Let us call a subgroup an injective homomorphism between groups.

I warn the reader that a subgroup designates here an inclusion $(H \subset G)$, not $H$ alone.

A subgroup $H \subset G$ is maximal if for all intermediate subgroups $H \subset K \subset G$, then $K=H$ or $G$.

Let $\sim$ be the equivalence of subgroups (defined here).
Note that the maximality is invariant under $\sim$.

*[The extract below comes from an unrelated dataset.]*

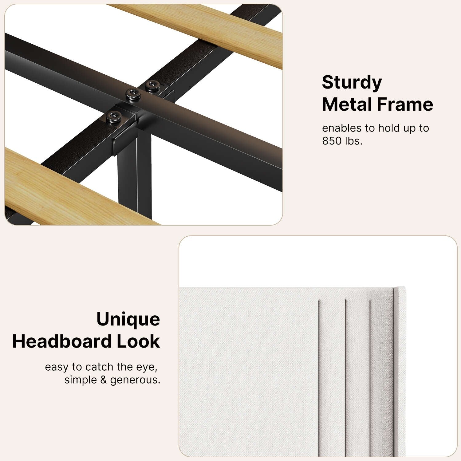 - Easy Assembly: This bed frame is simple to assemble with all tools and instructions included, so you can have it set up in no time and enjoy its comfort and beauty.

Let $n$ be a fixed integer. For each equivalence class of index $n$ maximal subgroups, we choose a representative $(H \subset G)$ with $G$ of minimal order. Let $R_{n}$ be the set of all these representatives.

Interrelated questions :

• Does $R_{n}$ is a finite set ?
• $\forall (H \subset G) \in R_{n}$, is $ord(G)$ bounded ?
• Is $G$ always a finite group ? A counter-example ?

Original motivation: What's the list of all the maximal subgroups at index $6$ ?

Answer 1

I'm absolutely ignorant about subfactors, but if I correctly understand what you said there (the theorem in the question), the answer to all three questions is yes, even with non maximal subgroups.

Namely, let $H\subset G$ be of finite index $n$. Since the intersection $K$ of all conjugates of $H$ in $G$ has index dividing $n!$ in $G$ (it is the kernel of the obvious morphism $G\to S_n$) and is of course normal in $G$, you have $(H\subset G)\sim (H/K\subset G/K)$.

The case of maximal subgroups is then about primitive (in particular transitive) finite permutation subgroups of $S_n$.